## What is required
Write out every line exactly, from the start of the records below to the line with "This recipe is", and stop there. Don't write out the pictures.

----- Extracted records -----

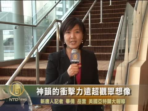 【新唐人2011年3月9日訊】神韻藝術團五度蒞臨美國喬治亞州亞特蘭大(Atlanta),再度於亞城世界級的表演場地“柯布能源表演藝術中心”(Cobb Energy Performing Arts Centre)展開為期三天的三場神韻晚會。觀眾表示,神韻的衝擊力遠超想像。
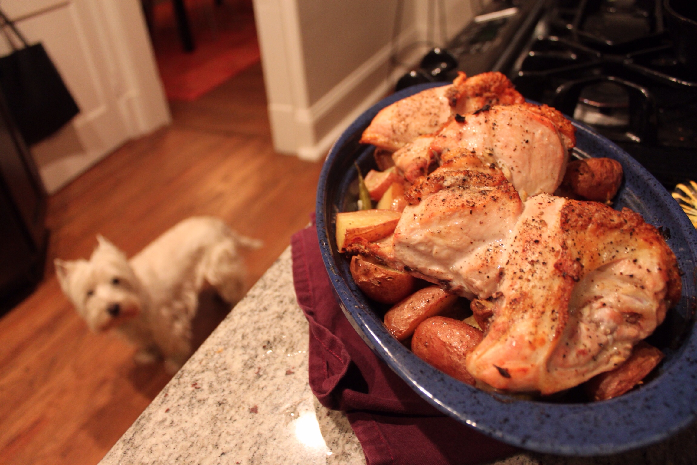 This recipe is an old standby and perfect for the chilly weather we have been dealing with. Turning the oven up to 450 is a welcomed task with very very cold hardwood floors. I actually made this dish on Friday night after work. I went into hibernation and ate the leftovers throughout the weekend. It paired well with the ice-cold red wine from my mud room floor (a new version on chilled red).
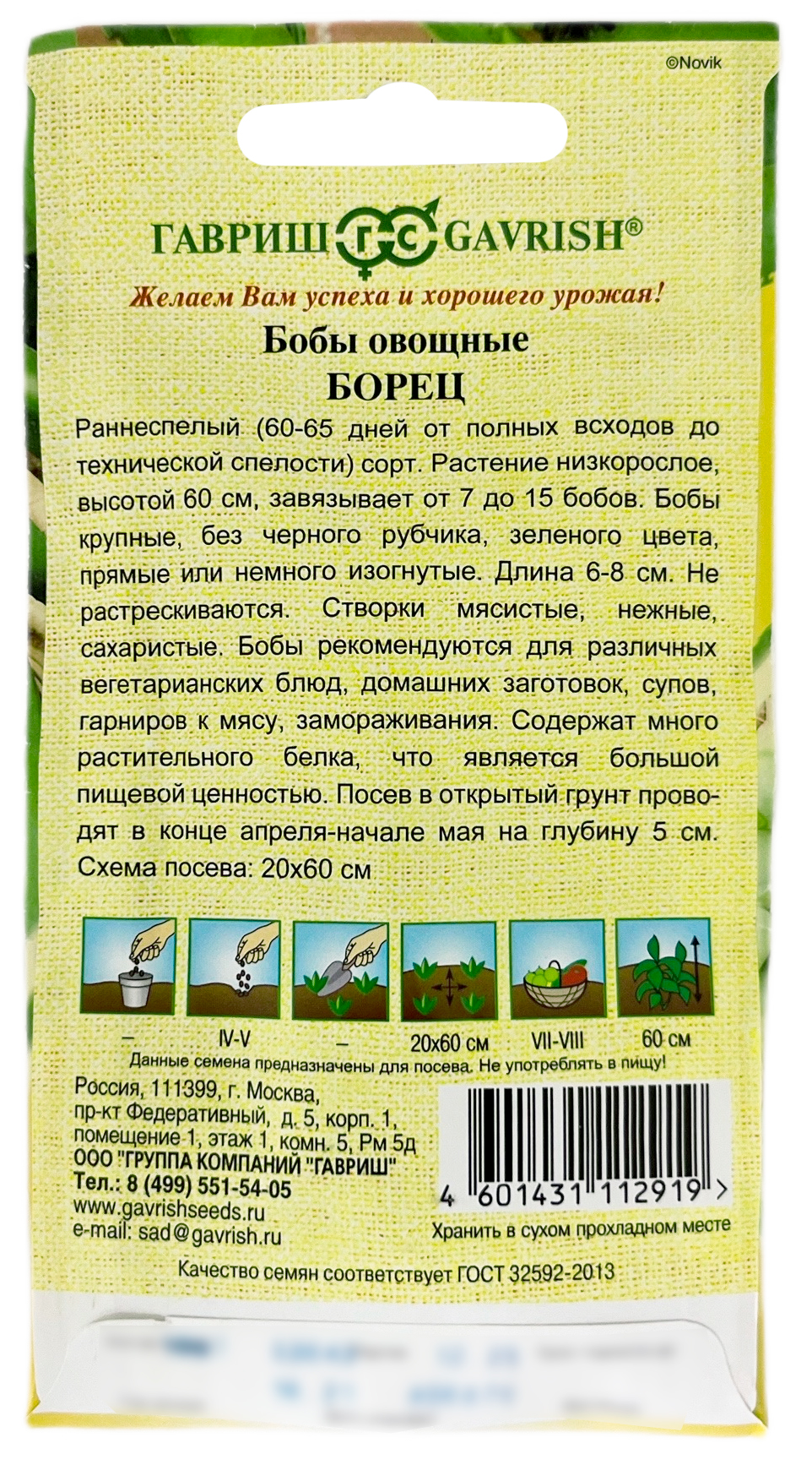 Бобы овощные БорецРаннеспелый (60-65дней от полных всходов до технической спелости) сорт. Растение низкорослое высотой 60 см, завязывает от 7 до 15 бобов. Бобы крупные, без черного рубчика, зеленого цвета, прямые или немного изогнутые. Длина 6-8 см. Не растрескиваются. Створки мясистые, нежные, сахаристые. Бобы рекомендуются для различных вегетарианских блюд, домашних заготовок, супов, гарниров к мясу, замораживания. Содержат много растительного белка, что является большой пищевой ценностью. Посев в открытый грунт проводится в конце апреля-начале мая, на глубину 5 см. Схема посева: 20x60 см
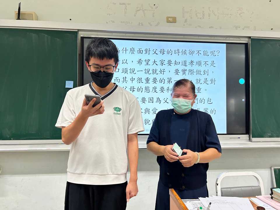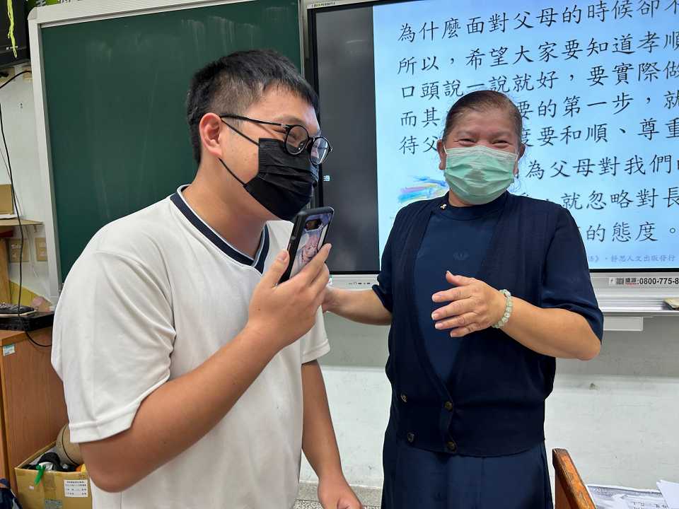◎下午的人文課程由玲華媽帶動,她以課務團隊提供的「感恩尊重愛」為主,先播放影片〈母親的名字〉,再輔以〈媽媽的畫像〉,引導孩子反思與父母和長輩的相處以及生活實踐,思考一直以來是否輕忽了父母對自己的愛,未曾好好感恩。她邀請本月壽星上前call out給家人,孩子勇敢說出「感謝你在這個月把我生下來,媽媽我愛你」、「阿嬤,我愛你,祝你身體健康」,卻因平常不曾如此做,電話那頭,有媽媽以為孩子是為了要零用錢或以為孩子生病了,以為是詐騙集團,見此一幕,臺下的同學爆出笑聲。玲華媽媽提醒孩子,「家人也曾年輕過,並不是生來就是孩子現在看到的樣子,他們正在變老,要常常打電話問候、趁來得及的時候,多陪伴和道愛、道感恩。」
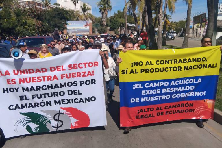 Cientos de productores acuícolas marcharon en Mazatlán exigiendo a la Presidenta Claudia Sheinbaum Pardo el cierre de fronteras al contrabando de camarón.
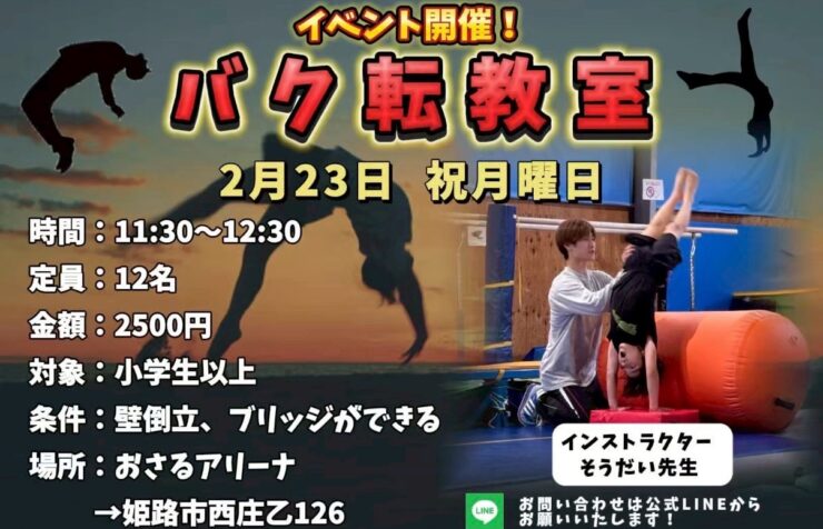 【姫路市】小学生向けバク転教室|1日イベント開催
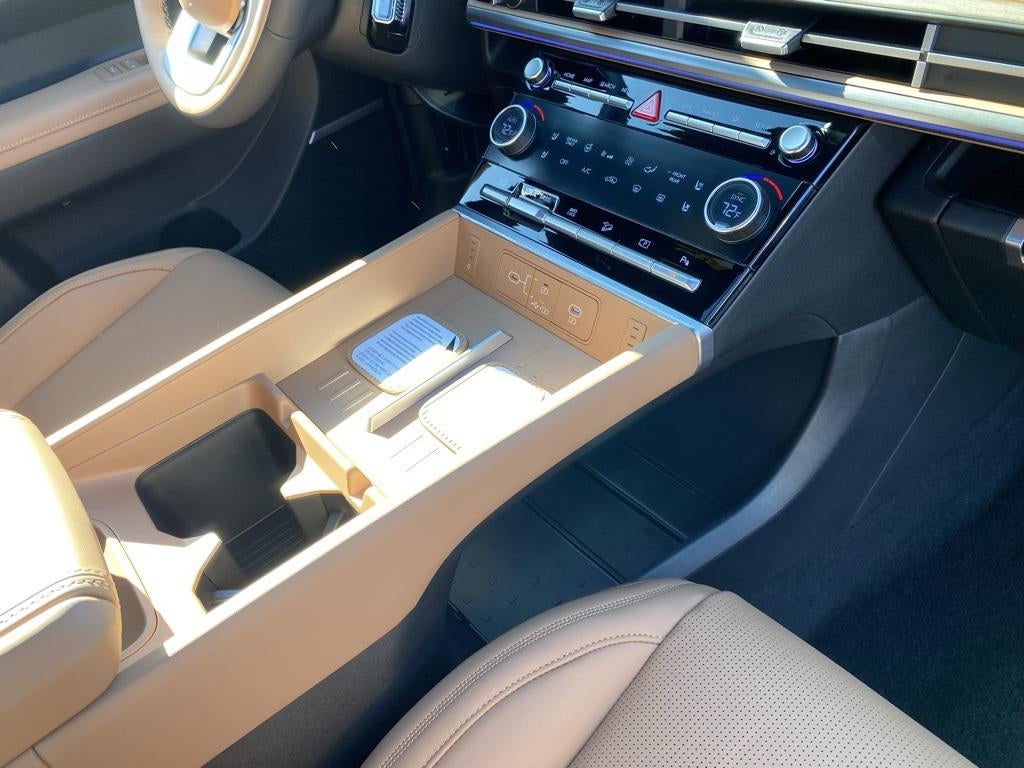 Santa Fe Hybrid Calligraphy, 4D Sport Utility, AWD, White, Pecan Brown Leather, 12 Speakers, 3rd row seats: bench, 4-Wheel Disc Brakes, ABS brakes, Air Conditioning, Alloy wheels, Apple CarPlay & Android Auto, Auto-dimming Rear-View mirror, Automatic temperature control, Brake assist, Bumpers: body-color, Cargo Net, Cargo Organizer, Carpeted Floor Mats, Delay-off headlights, Driver door bin, Driver vanity mirror, Dual front impact airbags, Dual front side impact airbags, Electronic Stability Control, Emergency communication system, Exterior Parking Camera Rear, First Aid Kit, Four wheel independent suspension, Front anti-roll bar, Front Center Armrest, Front dual zone A/C, Front reading lights, Fully automatic headlights, Garage door transmitter: HomeLink, Heads-Up Display, Heated door mirrors, Heated rear seats, Heated steering wheel, Illuminated entry, Knee airbag, Leather steering wheel, Low tire pressure warning, Memory seat, Mudguards, Navigation System, Occupant sensing airbag, Option Group 01, Outside temperature display, Overhead airbag, Overhead console, Panic alarm, Passenger door bin, Passenger vanity mirror, Power door mirrors, Power driver seat, Power Liftgate, Power moonroof, Power passenger seat, Power steering, Power windows, Quilted Premium Nappa Leather Seat Trim, Radio: AM/FM/HD Bose Premium Audio System, Rain sensing wipers, Rear anti-roll bar, Rear side impact airbag, Rear window defroster, Rear window wiper, Remote keyless entry, Security system, Speed control, Speed-sensing steering, Split folding rear seat, Spoiler, Steering wheel mounted audio controls, Tachometer, Telescoping steering wheel, Tilt steering wheel, Traction control, Trip computer, Turn signal indicator mirrors, Variably intermittent wipers, Wheels: 20 x 8.5J Unique Dark Finish Alloy.

-----

## Output of the exercise
 【新唐人2011年3月9日訊】神韻藝術團五度蒞臨美國喬治亞州亞特蘭大(Atlanta),再度於亞城世界級的表演場地“柯布能源表演藝術中心”(Cobb Energy Performing Arts Centre)展開為期三天的三場神韻晚會。觀眾表示,神韻的衝擊力遠超想像。
 This recipe is an old standby and perfect for the chilly weather we have been dealing with. Turning the oven up to 450 is a welcomed task with very very cold hardwood floors. I actually made this dish on Friday night after work. I went into hibernation and ate the leftovers throughout the weekend. It paired well with the ice-cold red wine from my mud room floor (a new version on chilled red).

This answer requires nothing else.